The Thunder likely know that too. So the natural next question is: how much more valuable is this pick for Utah than it is for OKC, and is there a way to negotiate out of the debt altogether?
Backsies?
From OKC’s vantage point, the best-case scenario is that they wind up with the ninth pick. The worst-case outcome is more likely in which they get nothing at all. (OK, cash is not nothing, but $890K isn’t even enough to pay a rookie minimum salary.) So if Sam Presti recognizes that he may not come away with a pick at all, would he accept something else now to wipe away the debt altogether? And does it make sense for the Jazz to offer that when this debt might vanish on its own?
It’s been suggested on the interwebs that Utah could trade the 21st pick to OKC in exchange for getting the 2026 pick back. The Jazz might balk at giving away a solid pick when they’re 11 months away from potentially not owing OKC anything, an outcome they can at least theoretically influence. Someone else suggested a package of seconds, but that doesn’t really change OKC’s world since they’re already swimming in picks. A hybrid version that’s at least interesting came from X user Oliver, who suggested that OKC could move up from 24 to 21 in next week’s draft and receive one or more additional seconds in exchange for the 2026 pick being completely freed up.
But OKC doesn’t really need more raw “stuff.” At some point Presti is going to have a hard time rostering all of players he selects with their picks. The Thunder already have 13 players under guaranteed contracts for next season, plus two team options, two first-round picks, and a second. Not even counting the Jazz pick, they have three more 1sts in 2026, and one or more in every subsequent year. At some point, they’re going to have to start consolidating assets rather than adding them.

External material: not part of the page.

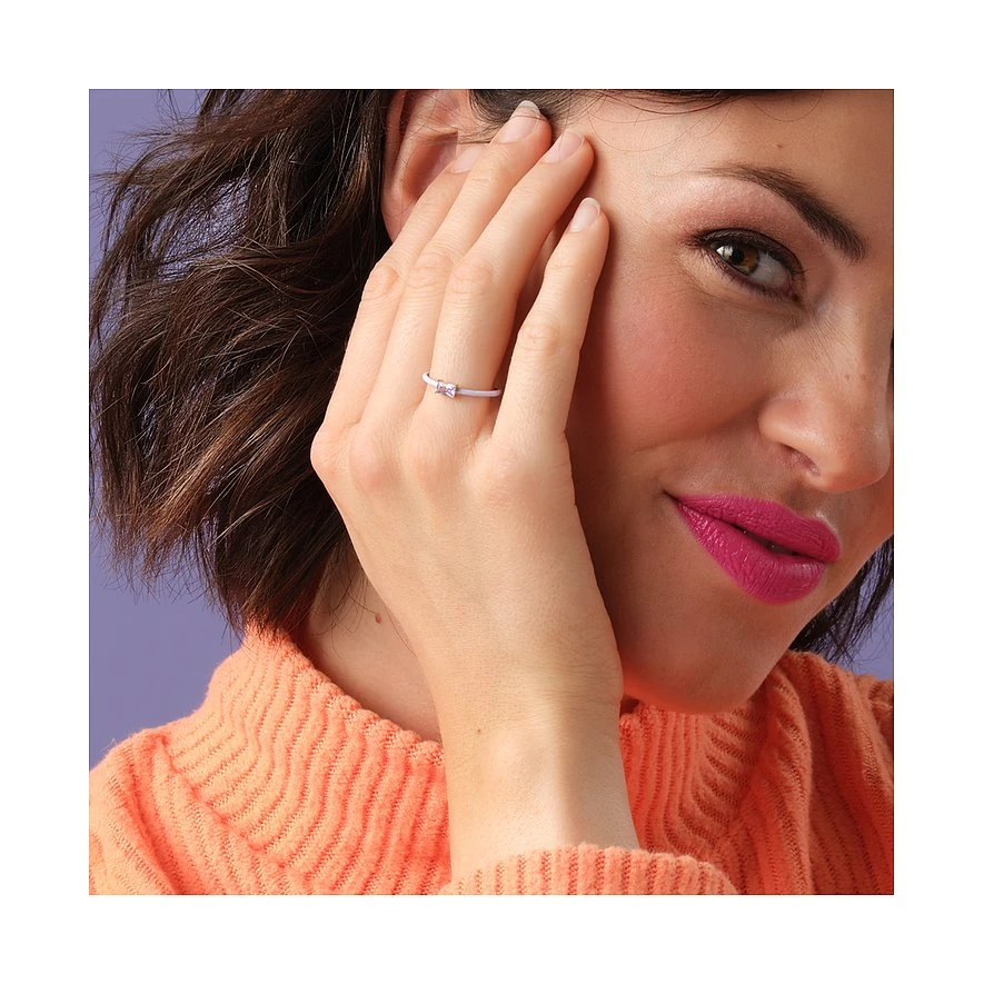 The power of simplicity! So einfach und dennoch so genial: Vergoldetes 925er Silber trifft an diesem Ring auf Emaille in einem zarten Pastellton, dazu passend sorgt ein lavendel farbiger Zirkonia-Stein im angesagten Baguette-Schliff für einen fröhlichen Frische-Kick. Besonders aufregend wirkt dieser Ring im Stacking mit seinen andersfarbigen Kollegen. Am besten direkt ausprobieren!

So OKC’s primary goal is likely protecting their best-case outcome, not just piling up minor assets. Maybe it’s as simple as turning that protected pick into a protected swap. OKC already owns the two best of their, Houston’s (5-30) and LAC’s picks next year. Maybe the Jazz could give them something small now in exchange for altering the language so that OKC has the right to swap the best (or even second best) of those picks if Utah’s is outside the top 8. That way OKC still has the same upside in play: if Utah lands 9th, OKC still comes away with that pick. Utah could still wind up surrendering a late lotto pick, but pays a small price to insure themselves against the outcome of having no firsts at all. They also maintain the right to keep the pick if it’s top-8, so nobody in that scenario sacrifices the highest-upside outcome.
(If the Jazz’s pick was subject to such a swap, they could no longer exercise their own swap rights with Cleveland or Minnesota, but that’s no huge loss. As it stands now, that swap is only in play in the unlikely scenario that the Wolves/Cavs wind up with a higher pick than the Jazz’s own top-8 selection.)
It might be a non-starter. OKC hoped four years ago that Utah might be bad-but-not-abysmal in one of those three years, and that’s certainly still in play. So maybe they’d prefer to ride it out.
Regardless, the broader point is that this pick in question is one item in Utah’s asset arsenal. Don’t get so obsessed with protecting this one thing that you’re willing to devalue everything else the Jazz are working with. The goal is to maximize as many assets as possible so that a competitive roster takes shape, not just to maximize that one tool at the expense of all others.